Proportion of unneutered catchable dogs = {(Number of unneutered dogs with catchability > 60 * 1) + (Number of unneutered dogs with catchability between 30 and 60 * 0.67) + (Number of unneutered dogs with catchability < 30 * 0.5)}/Total dogs.

The monthly ABC target is scaled using the proportion of unneutered catchable dogs.

For the real world scenario, it is also possible to designate a proportion of the dog population as inaccessible (using the slider ‘piad’). Owned, free-ranging dogs protected by their owners from the dog catching team or truly feral dogs fall in this category. Inaccessible dogs remain intact and unvaccinated throughout the simulation.

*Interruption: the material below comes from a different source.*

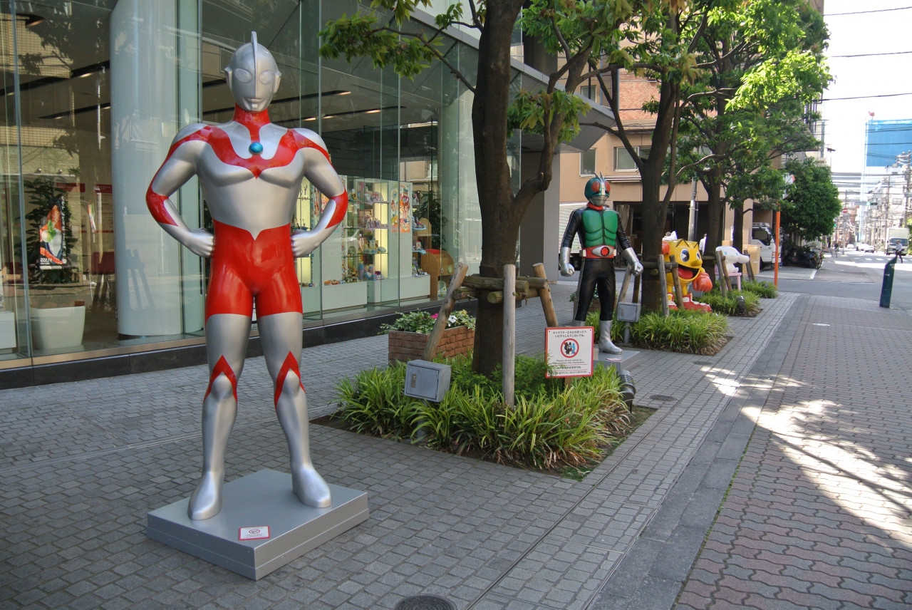一階の敷地内には、仮面ライダー、ウルトラマン、ドラゴンボール、アンパンマン、ドラえもんなど、誰でも知ってるキャラクターのカラフルな像がたくさん建っています。子供の写真撮影にはぴったり。大人でもうれしい人はいっぱいいるでしょう。
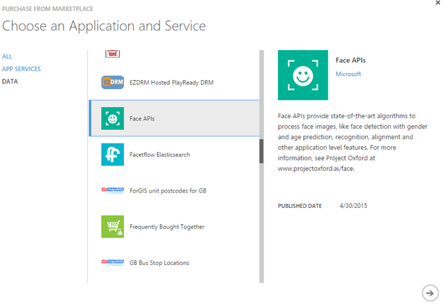 Once you are done with the purchase like any other service Face API is available in the Azure Marketplace section.

The desired target for the ABC program can be set using slider ‘target-reduction’ (the desired reduction expressed as percent of the initial population). A post-target ABC rate can also be specified (set using slider: followup-abc-rate)—this rate is implemented if the desired reduction in dog population is achieved before the ABC program duration is completed. All sterilized dogs are vaccinated against rabies, and the duration of immunity is set at 12 months.